A World Bank study of the effect of energy price increases in six countries--Columbia,
Ghana, Indonesia, Malaysia, Turkey and Zimbabwe--found that eliminating subsidies
does not cause disproportionate hardship for the poor, lower economic growth,
create inflation or reduce industrial competitiveness, but does improve public
revenues (Hope, 1995). The consumption of commercial fuel increases greatly
with income, according to the study, so energy subsidies largely benefit non-poor,
urban households. A study of subsidised household energy prices in transition
economies also concluded that they benefited the rich more than the poor (Freund,
1995). One approach is a staged removal of energy subsidies, which creates a
market for investments in energy-saving products and services.

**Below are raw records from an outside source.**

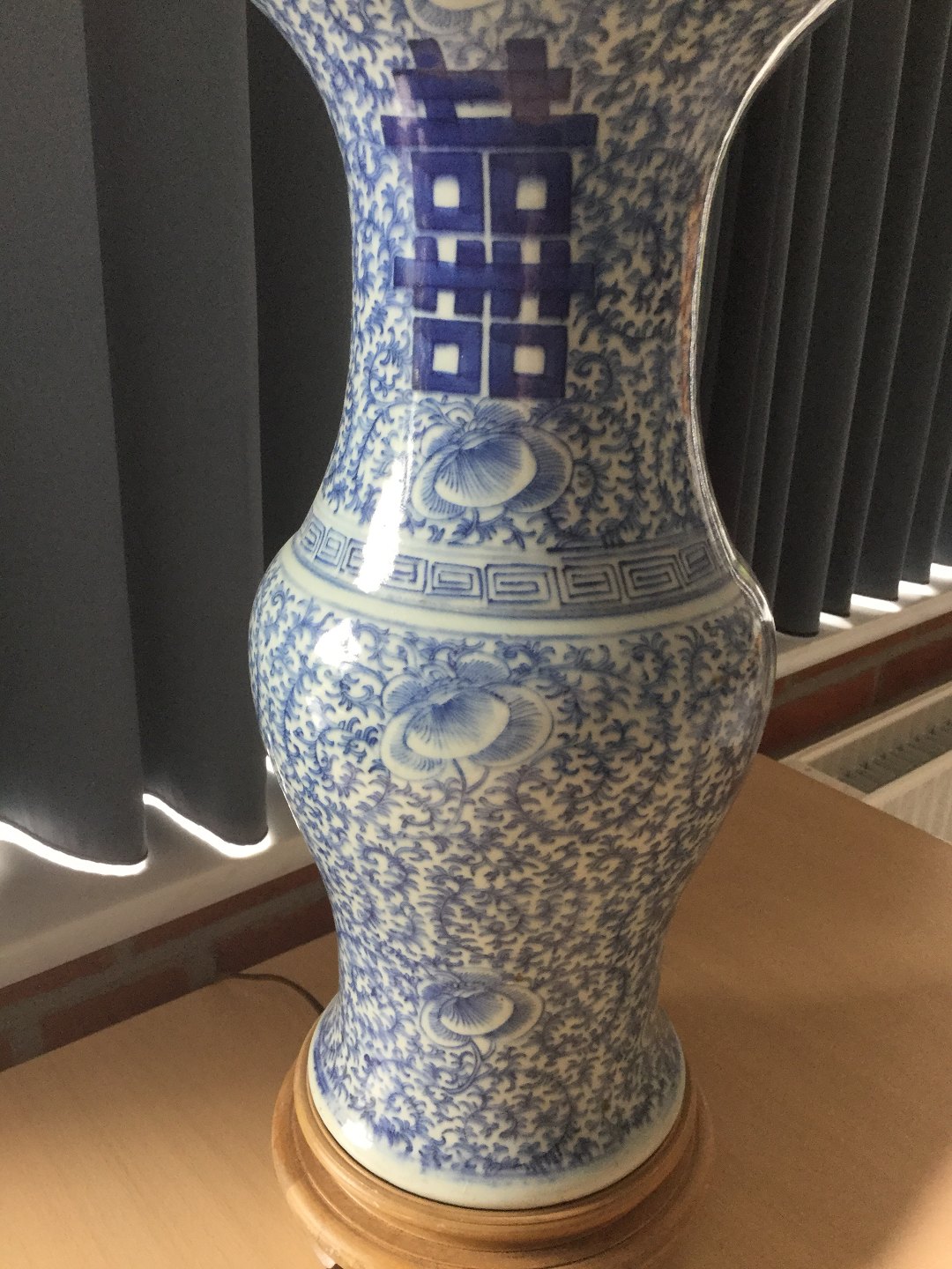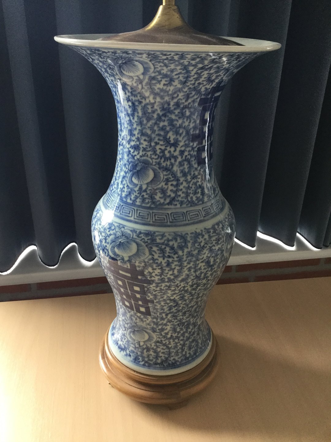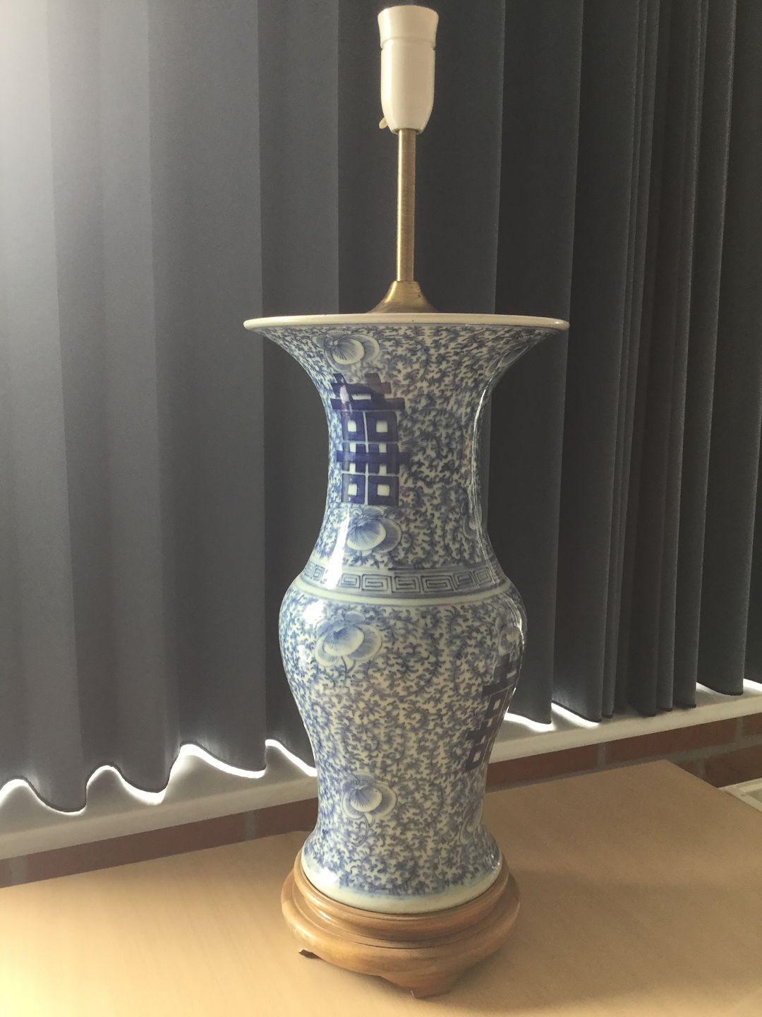 Vasen er monteret med træ stand og messingmontering i top. Den er gennemboret i bund for ledning.
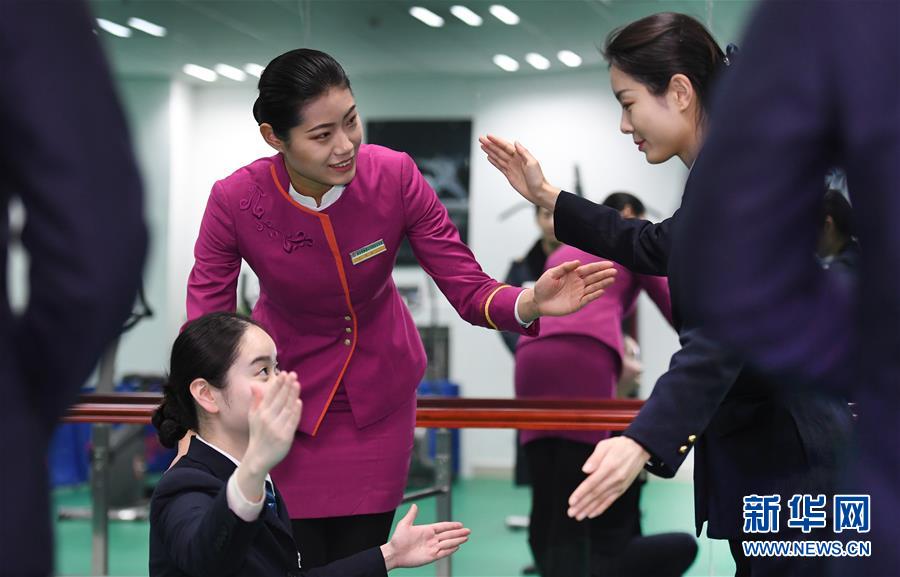 吉如(后左一)在车站职工活动室指导同事礼仪训练(1月15日摄)。 新华社记者 陶明 摄
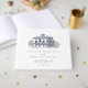 This destination wedding guest book features a vintage illustration of a frigate sailing ship, which you can replace with an image of the wedding venue. Elegant dark blue lettering in serif and script fonts lay out the bride and groom names, and the date.
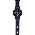 Наручные часы в чёрном цвете привлекают эффектным внешним видом, дизайн основан на стилистике уличных видов спорта. Круглый противоударный корпусУдаропрочный корпусМеханизм заключён в корпус, выполненный из современных материалов, устойчивых к ударам, механическим повреждениям и падению с высоты: инновационный пластик, карбон, нержавеющая сталь, титан. и объёмные стрелки имитируют колесо BMX-велосипеда или скейтборда. Удобством отличается функция секундомера, запустить который можно с помощью однократного нажатия большой кнопки под циферблатом. Японский кварцевый механизм. Аккумуляторная батарейка рассчитана на 3 года работы. Минеральное стекло. Циферблат с двойной светодиодной подсветкойСветодиодная подсветкаСветодиодная или LED-подсветка обеспечивает появление яркого холодного свечения за счёт LED-элементов - маленьких лампочек. Они потребляют минимальное количество энергии, чаще всего можно встретить 1 светодиод, в нижней части циферблата.. Водозащита 200 метров. Корпус и ремешок из полимерного материала. 12/24-отображение времени. Мировое времяМировое время Полезное часовое усложнение, отображающее время в основных городах и известных областях по всему миру, оно связано с часовыми поясами, удобно для путешественников и бизнесменов. - 31 часовой пояс, 5 будильников, таймер обратного отсчёта, UTCUTCВсемирное кординационное время, не имеющее привязки к географическому положению Гринвича, основывается на атомном отсчёте времени. Регулировка времени осуществляется более точно, чем устаревшее GMT.
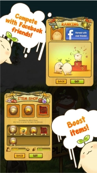 Mandora是一款模拟种植类游戏,玩家可以和好友一同培育蔓陀罗,互相较量——既要收集更多品种的蔓陀罗,也要努力获取更高分数,解锁从未拥有过的稀有品类。那些软萌的蔓陀罗宝宝总能轻轻戳中你的心,游戏操作毫无繁杂感,简单易上手:只需在限定时间内尽可能拔出成熟的蔓陀罗来积累高分,若能保持连续拔出成熟蔓陀罗的状态,还有机会收获稀有的新品种,以及能瞬间提升分数的道具。
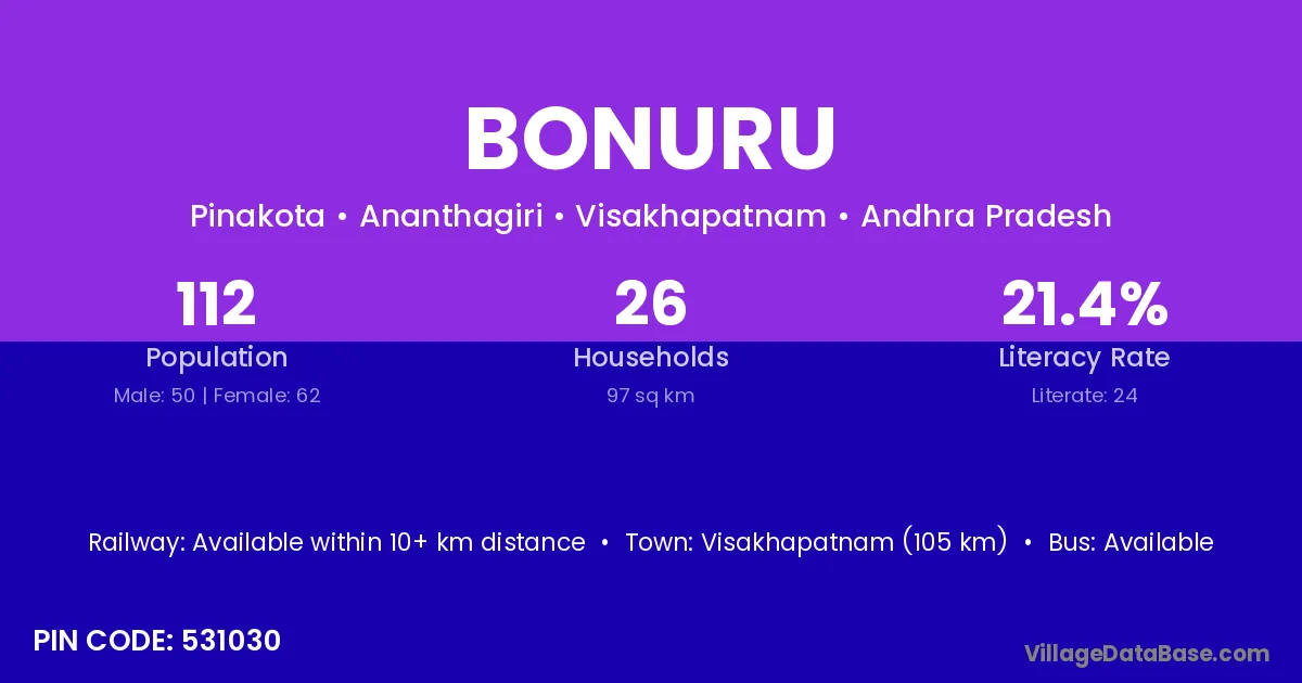 Bonuru village has a total population of 112 people, of which 50 are males and 62 are females.
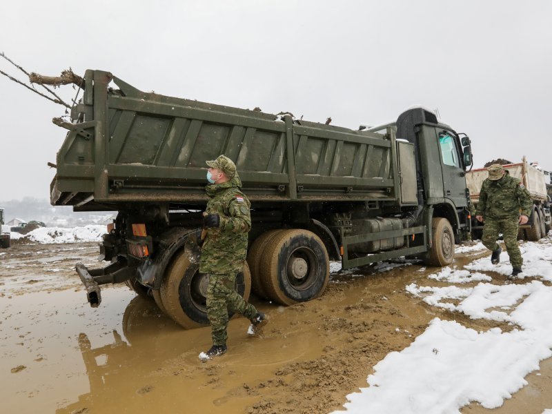 U petrinjskoj ulici Sajmište mehanizacija Hrvatske vojske priprema teren za buduće kontejnersko naselje. U njemu će biti smješteni svi koji su trenutačno u vojarni i školi. Hrvatska vojska u Majskim Poljanama sanira prometnice i odvodne kanale kako bi se kontejneri mogli dopremiti u udaljena mjesta.
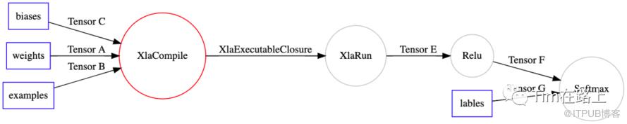 而JIT的编译过程XlaCompile中进行的,XlaCompileOp编译得到的二进制直接送到紧接其后的XlaRunOp中执行。
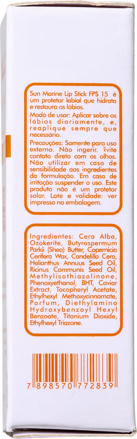 O Protetor Labial Sun Marine BB Lipstick FPS 15, da Biomarine, impede com que a pele perca a umidade e forme rachaduras. Seus lábios ganham hidratação enquanto ficam protegidos dos raios UV.
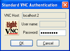 The password prompt pops up. Type in your VNC password. This is NOT necessarily your Unix password. It is the password that you set the first time you started vncserver, or whenever you most recently ran vncpw.
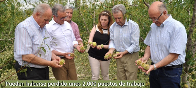 El titular de Agricultura señaló que son entre 2.500 y 3.000 las hectáreas afectadas por el granizo, y añadió que «aunque las pérdidas en la producción se estiman en un 25% de fruta que aún quedaba sin recoger, los daños más importantes se encuentran en la madera de los árboles, lo que puede perjudicar a futuras cosechas», dijo Cerdá, que, a continuación añadió:«Toca ponernos en marcha lo más rápidamente posible para tratar con fungicidas y cicatrizantes los árboles afectados y evitar que el daño no continúe en la cosecha siguiente. Pondremos los medios que se encuentren a nuestro alcance para solucionar el problema, y eso incluye ponernos al habla con Agroseguro para que agilicen el peritaje y no se anden con pequeñeces, porque aquí, en la zona cero, donde se produjo el epicentro de la tormenta, el daño es del cien por cien».
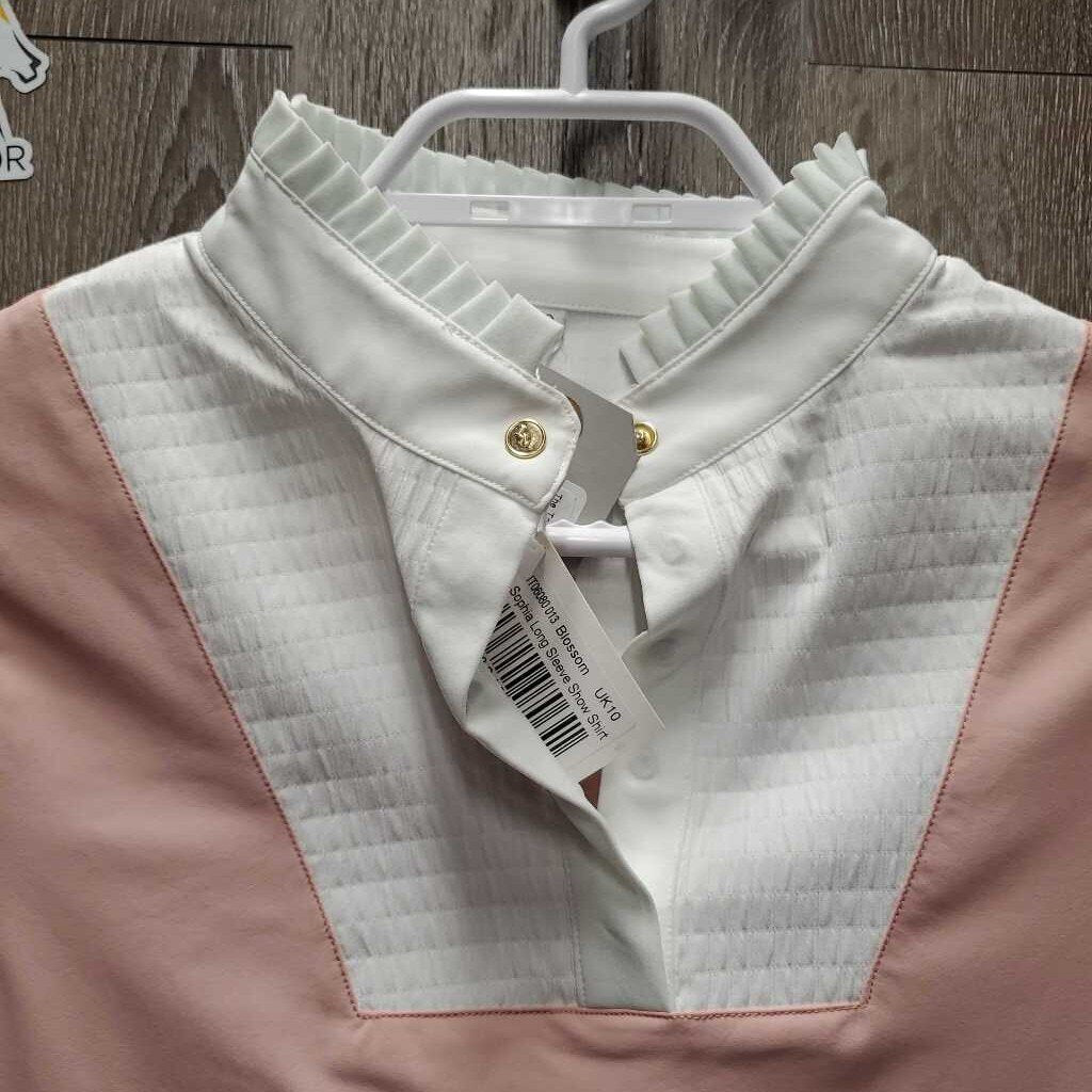 Achieve peak presentation for your best performance yet in this elegant show shirt. The technical performance fabric, with a breathable area under the sleeve, will keep you cool and comfortable as you ride. A textured bib front adds sophistication. The beautiful neck detailing stands out from the crowd, with a pretty pleated collar detailing, finished with an invisible magnet placket. There are loops on the side to secure your stock.
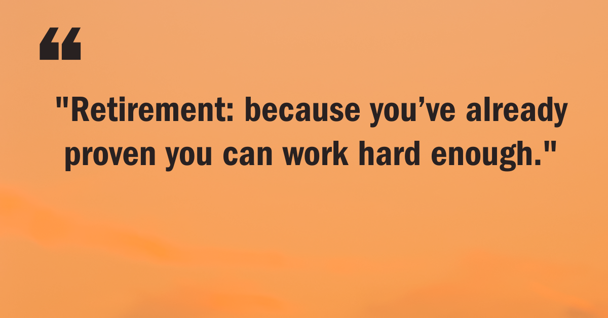 26. “Retirement: because you’ve already proven you can work hard enough.”
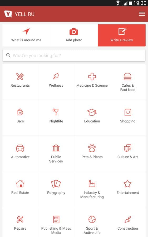 YELL.RU – eğer seyahat etmeyi seviyorsanız veya sadece güzel bir şekilde dinlenebileceğiniz bir yer arıyorsanız, bu uygulama tam da ihtiyacınız olan şey. YELL.RU, kategorilere göre sunulan devasa bir veri tabanına sahiptir (otomobil, kulüpler, tıp, kültür ve sanat, devlet ve toplum, evcil hayvanlar vb.), kesin adres, telefon, haritadaki konum bilgisi ve belirli mekanlarla ilgili yorumlarla birlikte. Belirtilen numaraları arayabilir, uygulamadan çıkmadan kendi fotoğraflarınızı ekleyebilir ve yorum bırakabilirsiniz. İyi eğlenceler!
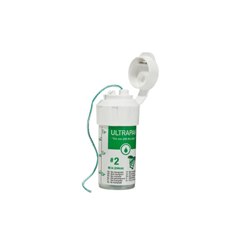 El hilo Ultrapak está fabricado 100% en algodón. tejido en miles de lazos diminutos para formar largas cadenas entrelazadas Este exclusivo diseño tejido ejerce una fuerza suave y continua hacia el exterior después de su colocación. ya que los lazos tejidos buscan expandirse. El desplazamiento óptimo de los tejidos ocurre en 1-3 minutos. Ultrapak E está impregnado en hidrocloruro de epinefrina racémica.
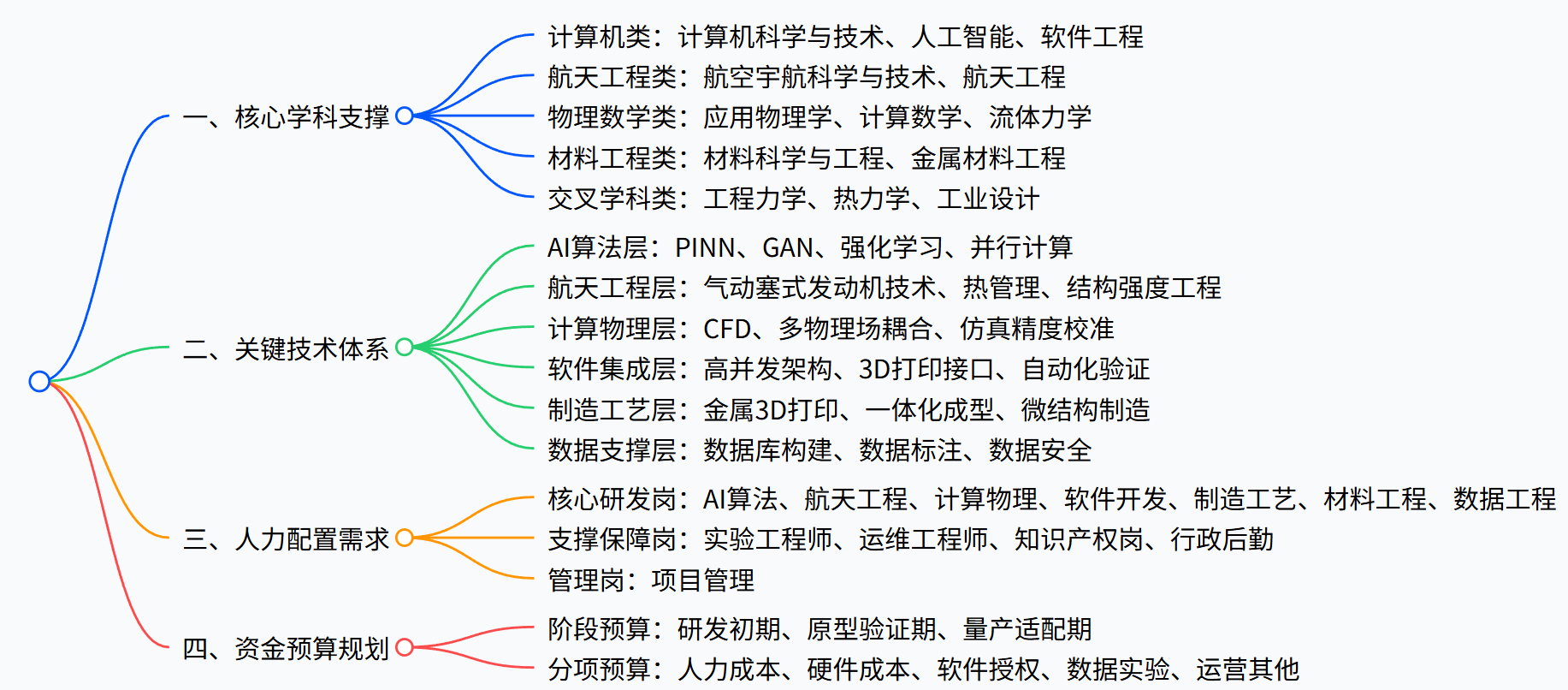 LEAP71 的 Noyron AI 模型之所以能攻克困扰航天界 60 年的 "气动塞式发动机" 设计难题,关键在于其没有脱离工程实际空谈技术,而是将每一项核心技术都与火箭发动机的高温、高压、高可靠性需求深度绑定。本文将以 "AI 算法赋能物理世界造物" 为核心逻辑,用通俗易懂的语言和结构化表格,详细拆解开发此类软件所需的 7 大类科学工程前置技术,同时附上人力配置、资金预算与实施路径,为技术创业者、航天从业者、科研团队提供一份可落地的全景指南。
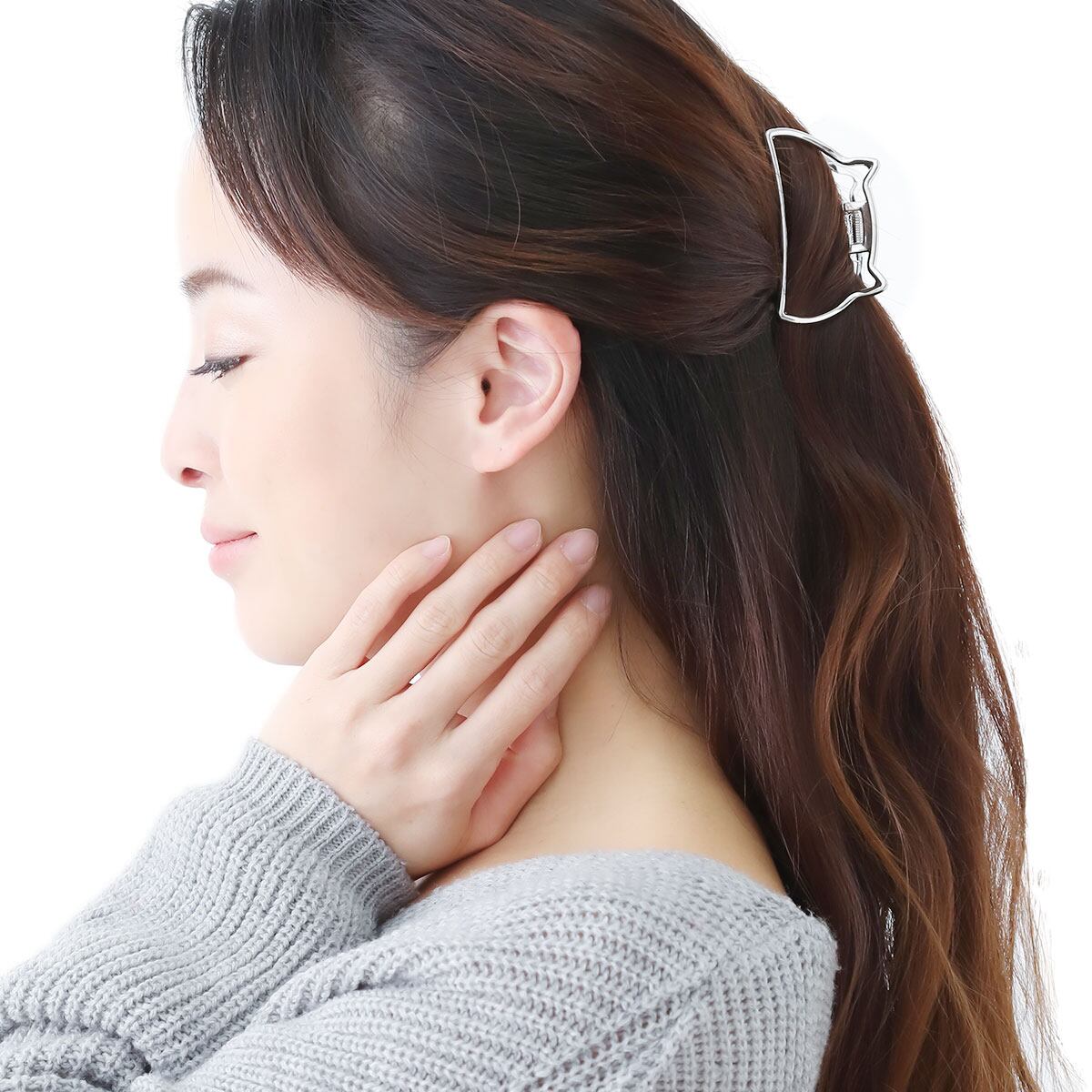 バンス ヘアクリップ レディース 猫耳 ネコ キャット 動物モチーフ 6色 ヘアアクセサリー バレッタ おしゃれ 上品 大人可愛い 記念日 誕生日 プレゼント ギフト

The landlord-tenant relationship can create problems unique to the buildings
sector when the landlord pays the energy costs, but has little control over
the energy-using practices of the tenant. For tenants, if energy services are
free, there is no incentive to use energy wisely. Technical problems may also
make it difficult to make homeowners and tenants responsible for the energy
they use. In many high-rise multifamily buildings, heat is delivered to apartments
through vertical pipes, making it difficult and costly to try to measure the
energy used by each individual apartment unit. In new buildings, this problem
can be addressed by building codes that require that heating systems be designed
to serve individual, metered apartment units.
Even in market economies, energy prices rarely include the full societal costs
of related environmental externalities. These costs are reflected in adverse
health impacts and environmental degradation. If the market mechanism is to
exercise its full potential for achieving environmental goals, the price of
energy needs to incorporate these environmental externalities.
Among Countries
The lessons learned from in-country technology transfer programmes also need
to be recognised in international programmes. This is particularly important
for countries moving toward market economies. During this transition, it is
often useful to ask: Who is paying the energy costs?. Someone is. It may be
municipalities through subsidies, industries through cross-sector subsidises,
or energy supply industries through unrecovered costs. Whoever is paying these
costs will have an interest in reforms. It is also useful to track the flow
of energy from source to end use, to identify the changes in ownership, to metre
the quantity of energy in each transaction, to measure the performance of each
owner, and to move toward a system of rewards and penalties that improves the
overall efficiency of the energy delivery system.
Multilateral and bilateral assistance programmes can encourage the movement
to full-cost energy pricing by ensuring that any projects that are supported
incorporate progress toward market reforms. The Russian Enterprise Housing Divestiture
Project of the World Bank exemplifies this approach. The Bank is providing loans
of US$300 million for basic energy efficiency measures in a total of 3,500 residential
apartment buildings in six Russian cities. The participating cities are undertaking
policy reforms designed to reduce housing maintenance and utility costs. The
World Bank is also initiating a similar project in Lithuania.